▸ **Task brief**: Begin at the line below that has "Logoen i sidebaren". Stop after the line that has "백테스팅 중... (short=10, long=35, stop_loss=9%)", repeating each line exactly and leaving out the pictures.

▸ **Data extract**:
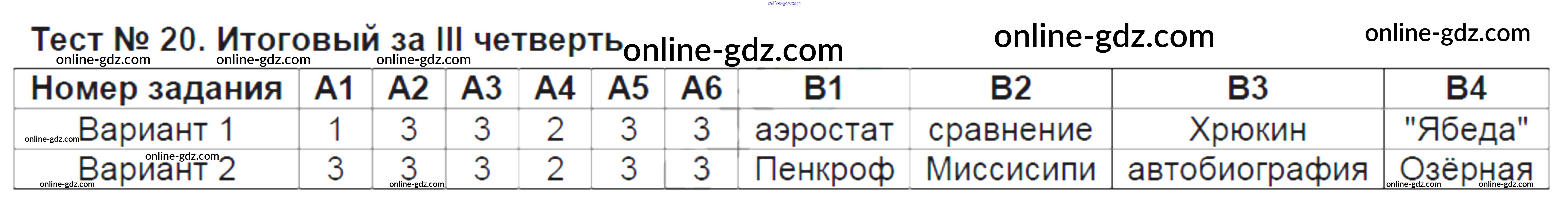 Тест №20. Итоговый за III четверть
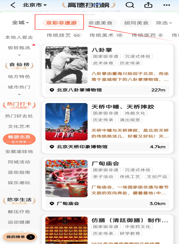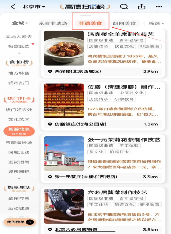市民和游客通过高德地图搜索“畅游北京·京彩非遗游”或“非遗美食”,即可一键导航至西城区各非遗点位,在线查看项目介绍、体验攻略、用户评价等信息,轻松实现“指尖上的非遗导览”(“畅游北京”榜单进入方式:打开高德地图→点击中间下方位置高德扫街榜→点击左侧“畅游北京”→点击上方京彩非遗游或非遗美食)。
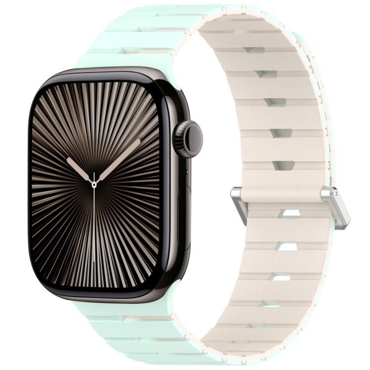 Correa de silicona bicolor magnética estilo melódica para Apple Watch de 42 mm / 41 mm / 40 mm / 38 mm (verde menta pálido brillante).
...
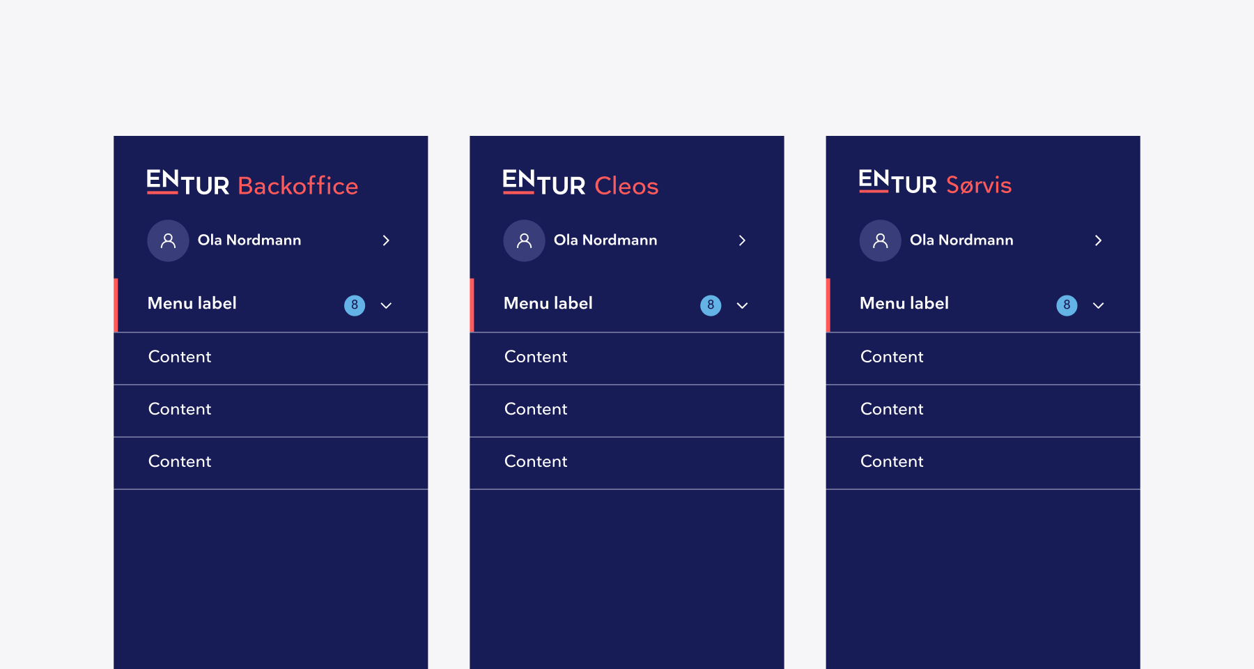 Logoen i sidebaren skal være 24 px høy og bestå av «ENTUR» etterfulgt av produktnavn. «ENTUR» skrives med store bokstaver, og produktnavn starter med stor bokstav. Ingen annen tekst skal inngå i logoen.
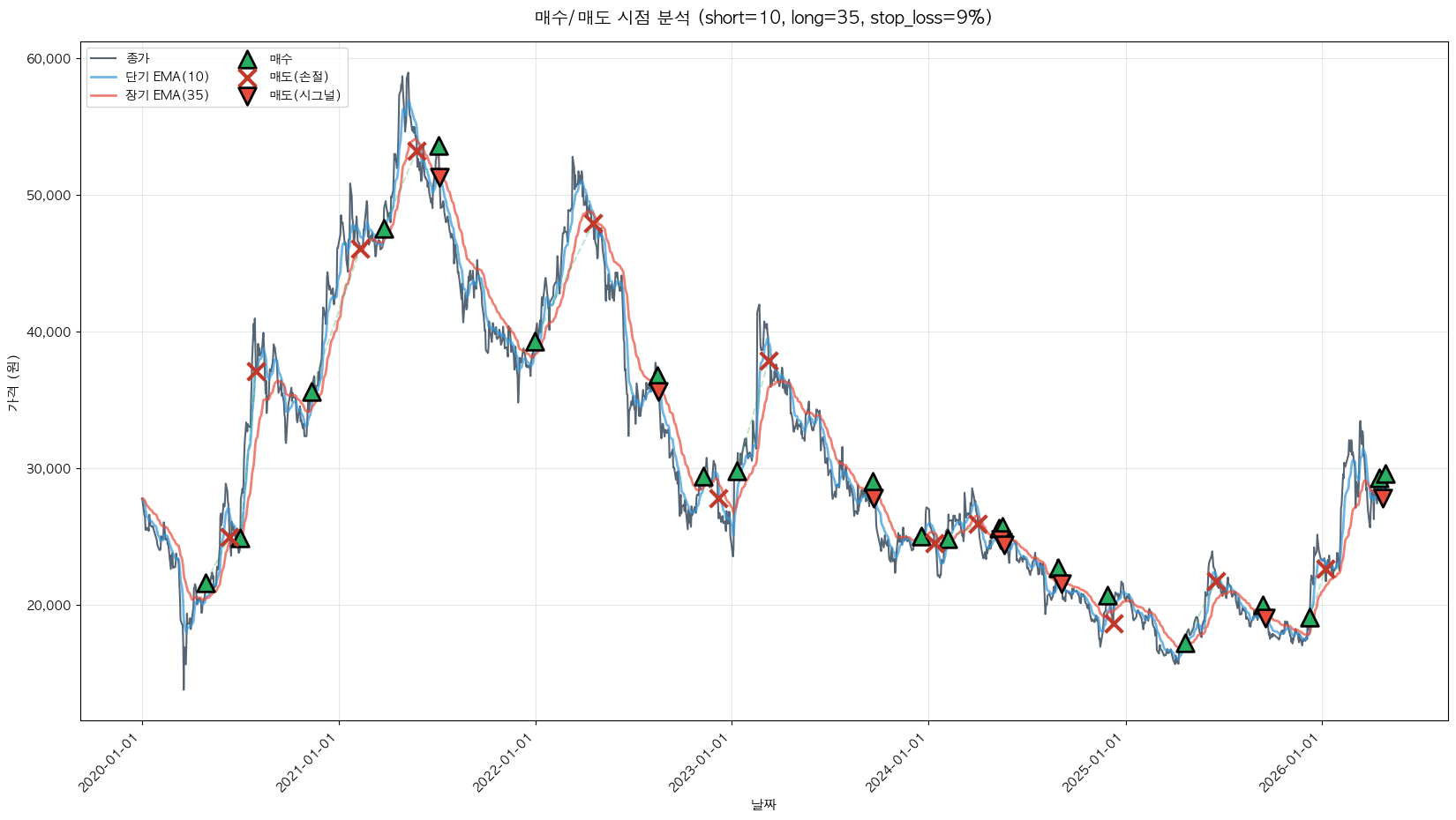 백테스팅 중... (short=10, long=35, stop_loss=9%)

▸ **Exercise response**:
 Logoen i sidebaren skal være 24 px høy og bestå av «ENTUR» etterfulgt av produktnavn. «ENTUR» skrives med store bokstaver, og produktnavn starter med stor bokstav. Ingen annen tekst skal inngå i logoen.
 백테스팅 중... (short=10, long=35, stop_loss=9%)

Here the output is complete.